Na dworcu zebrali się fani Widzewa z Częstochowy, AZS-u i CKM-u (Włókniarz), którzy składali wieńce oraz znicze. Niestety wszystko później zostało rozkopane, a na murze niedaleko tragedii powstał napis „Raków 1:0 Widzew”. Wiele powstało mitów na temat tego incydentu, mogła być to prowokacja, mógł być to jakiś kibic Rakowa bez kręgosłupa moralnego, ale wtedy było jedno pewne – zabójstwo zostało przypisane fanom Rakowa, którzy jadąc na swój wyjazd do Opoczna, zostali trafieni przez Widzew. Jakiś czas temu w miesięczniku „To My kibice!”, ukazał się wywiad z chuliganami Rakowa i wyparli się tego zabójstwa – nikt z ich ogarniętego otoczenia nie był osobą zamieszaną w zabójstwo Łukasza.
Raków podobnie jak my ma dwie zgody – zagraniczną i z naszego podwórka. Z węgierskim Videoton Székesfehérvár trzymają się od 2012 roku i podczas gry RKS-u w niskich ligach mieli okazję pojeździć po Europie ze swoimi braćmi, jak i oglądać inne europejskie ekipy na stadionie swojej zgody. Druga zgoda, to Chemik Kędierzyn-Koźle, z którym początkowo związali się układem chuligańskim zapoczątkowanym w 2013 roku. W lutym 2016 roku obie ekipy podjęły decyzję, że układ przekują w zgodę i ta zgrabna sztama trwa już 8. rok na kibicowskiej mapie Polski. Także w 2016 roku zapoczątkowali kontakty z Lechią Gdańsk i później ze Stomilem Olsztyn, ale ciężko dobrać właściwe słowo, czy łączy ich układ chuligański czy są to prywatne kontakty. Coraz więcej powstających w Polsce relacji ciężko opisać jednoznacznie.

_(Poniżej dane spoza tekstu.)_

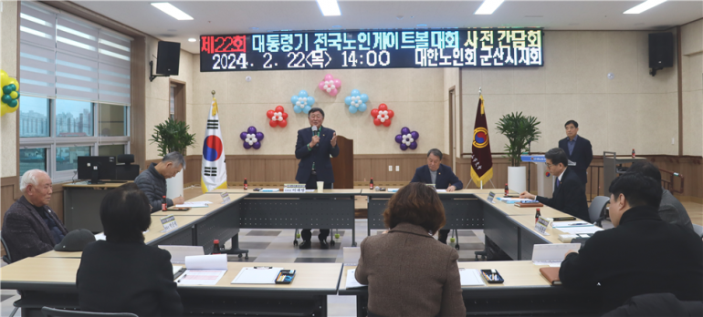 (사)대한노인회 군산시지회(지회장 이래범‧이하 군산시노인회)가 오는 5월 펼쳐지는 ‘제22회 대통령기 전국 노인게이트볼대회(이하 게이트볼대회)’의 성공적 개최를 위한 사전 간담회를 가져 주목을 받았다.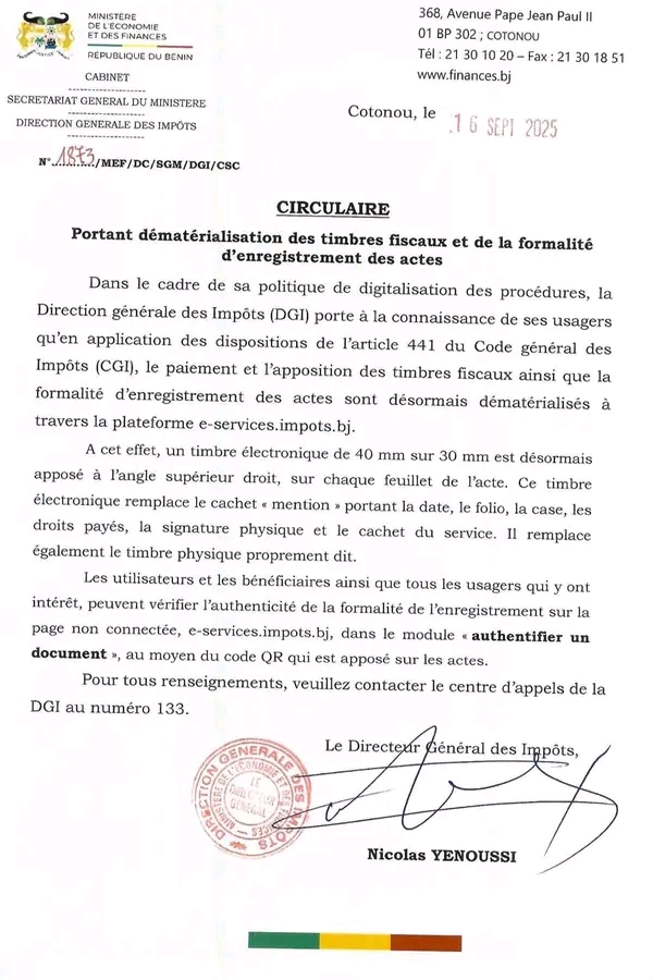 Dans une circulaire officielle, le Directeur général des Impôts, Nicolas Yénoussi, a confirmé la dématérialisation totale des timbres fiscaux et de l’enregistrement des actes, conformément à l’article 441 du Code général des impôts. « L’ancienne pratique consistant à apposer un timbre physique ou une mention manuelle disparaît au profit du timbre électronique », a-t-il précisé.

Nasza kibicowska rywalizacja zaczęłą się w sezonie 1994/1995, w którym Medaliki zrobiły historyczny awans do Ekstraklasy. Nasza pierwsza wizyta na Limanowskiego to sierpień 1994 roku. Na wyjazd pod Jasną Górę wybrało się 500 fanatyków GieKSy.
W marcu 1995 roku fani Rakowa pierwszy raz mieli okazję pokazać się na Bukowej. Zawitali w 220 gardeł, a wspierali ich tego dnia zgodowicze z GKS-u Tychy oraz Stali Stalowa Wola.
W sierpniu 1995 roku RKS ponownie pojawił się na GieKSie. Tym razem przyjechali składem w 250 głów i ponownie oglądali porażkę 0:1 swojej drużyny. Nas tego dnia wspierała Avia Świdnik w 14 osób.
Styczeń 1996 roku to druga edycja turnieju halowego w katowickim Spodku i skład Rakowa po raz pierwszy zawitał w 35 osób. GieKSiarze oczywiście stanowili najliczniejszy skład jako gospodarz, a wspierała nas tego dnia Avia Świdnik w 9 osób. Raków niespodziewanie triumfował w finale pokonując Ruch Chorzów 6:5.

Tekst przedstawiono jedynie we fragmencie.